Por Carly Helfand | FiercePharma |
A AIDS Healthcare Foundation, sediada em Los Angeles, já processou a Gilead Sciences e pediu aos legisladores que investiguem a empresa por causa dos preços de seus medicamentos. Mas não vai parar por aí.
A fundação lançou uma campanha de conscientização intitulada “A ganância da Gilead mata!” e organizou dois protestos, o mais recente dos quais ocorreu na quarta-feira em frente à sede da empresa californiana em Foster City. Cinquenta ativistas da luta contra a AIDS, vestindo camisetas com a frase “A ganância da Gilead mata!”, carregavam faixas e cartazes criticando a empresa pelos altos preços de seus medicamentos para HIV e hepatite C.

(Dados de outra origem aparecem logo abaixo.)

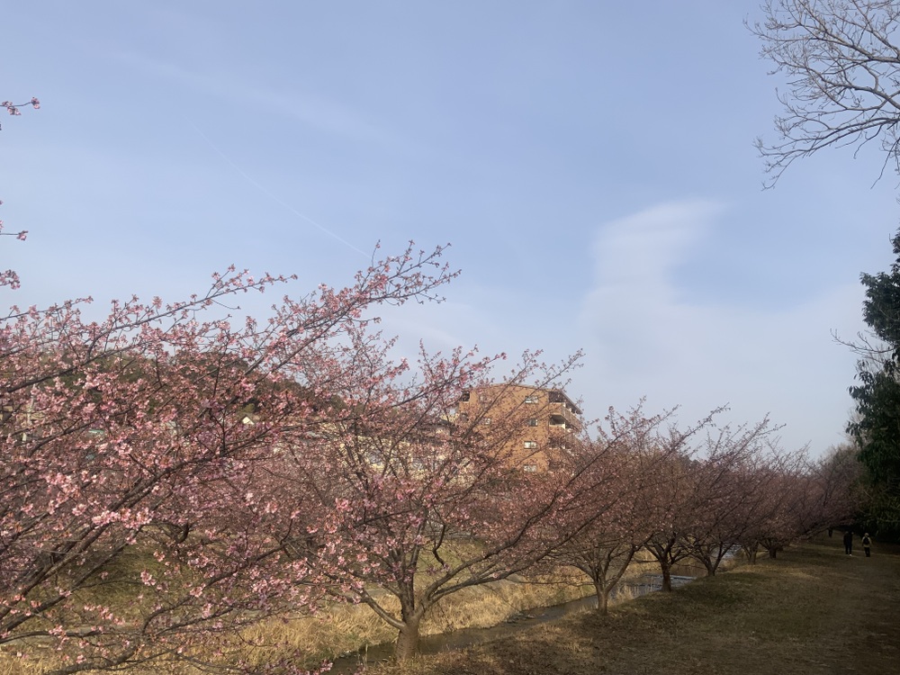 写真は、干し柿の納品の際に通りがかった「東大山河津桜まつり」の様子です。
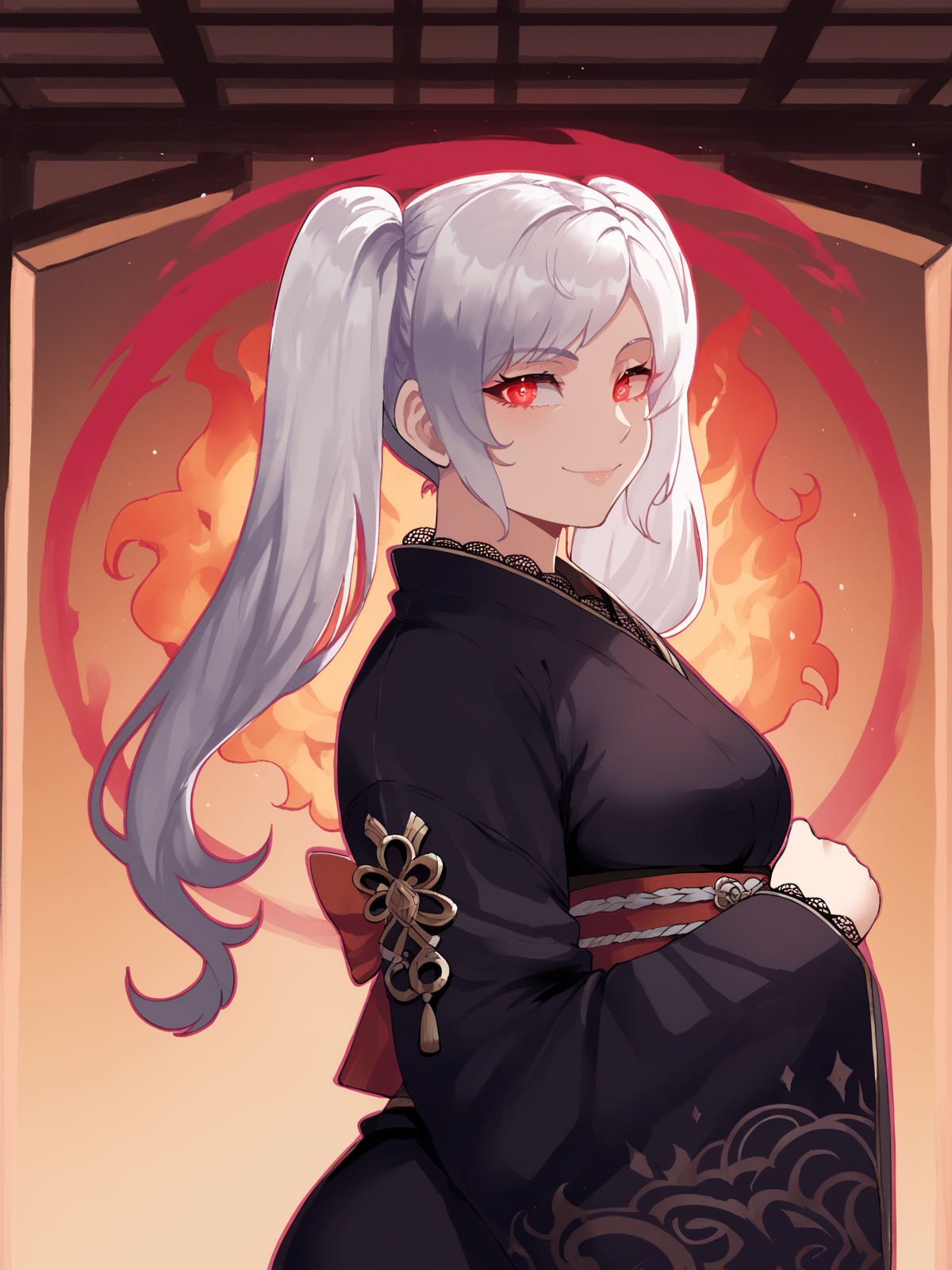 トリガー文は:Grima, robin (fire emblem) (female), red eyes, dark persona, glowing eyes, hooded robe

Essa manifestação ocorreu após uma ação realizada na semana passada, durante a apresentação da Gilead na Conferência de Saúde da Goldman Sachs, em um resort na região de Los Angeles. O protesto incluiu uma carreata — com direito a carro funerário; um ônibus de dois andares; e um pequeno avião rebocando uma faixa com os dizeres “A ganância da Gilead mata!”, que, segundo a AHF, “sobrevoou o resort repetidamente por várias horas”.
A Gilead não respondeu imediatamente ao pedido de comentário.
A indignação da organização vem crescendo há algum tempo; no início deste ano, ela processou a gigante da biotecnologia, alegando que a empresa havia atrasado o desenvolvimento de um medicamento para HIV de baixa toxicidade de "maneira calculada e anticompetitiva" para manter os preços altos do medicamento Viread até que sua patente estivesse perto de expirar.
Mas foi recentemente Los Angeles Times O artigo — que detalhava o cronograma de desenvolvimento do novo medicamento, agora conhecido como Genvoya — desencadeou novas ações da AHF. Segundo o artigo, os pesquisadores da Gilead tinham evidências clínicas de que seu composto poderia reduzir os níveis de toxicidade, mas interromperam a pesquisa do medicamento em 2004, enquanto o Viread, entretanto, alcançou o sucesso de vendas. Em resposta, a AHF solicitou aos legisladores e ao FDA que investigassem a empresa por possível manipulação de patentes e violações antitruste, citando a "ganância descarada" da Gilead e o "descaso com a segurança do paciente".
A Gilead, por sua vez, nega as alegações do processo; afirma que "não tinha a obrigação de desenvolver, testar, buscar aprovação ou lançar seu novo produto em qualquer cronograma específico". A empresa alega que atrasou o desenvolvimento do Viread para priorizar o orçamento de pesquisa e desenvolvimento em detrimento de outros programas.
Mas, ainda assim, a recente polêmica não é exatamente uma boa imagem para a farmacêutica, que vem enfrentando protestos sobre os preços de seus principais medicamentos contra a hepatite C desde o lançamento do inovador Sovaldi, com um preço de US$ 84,000, no final de 2013.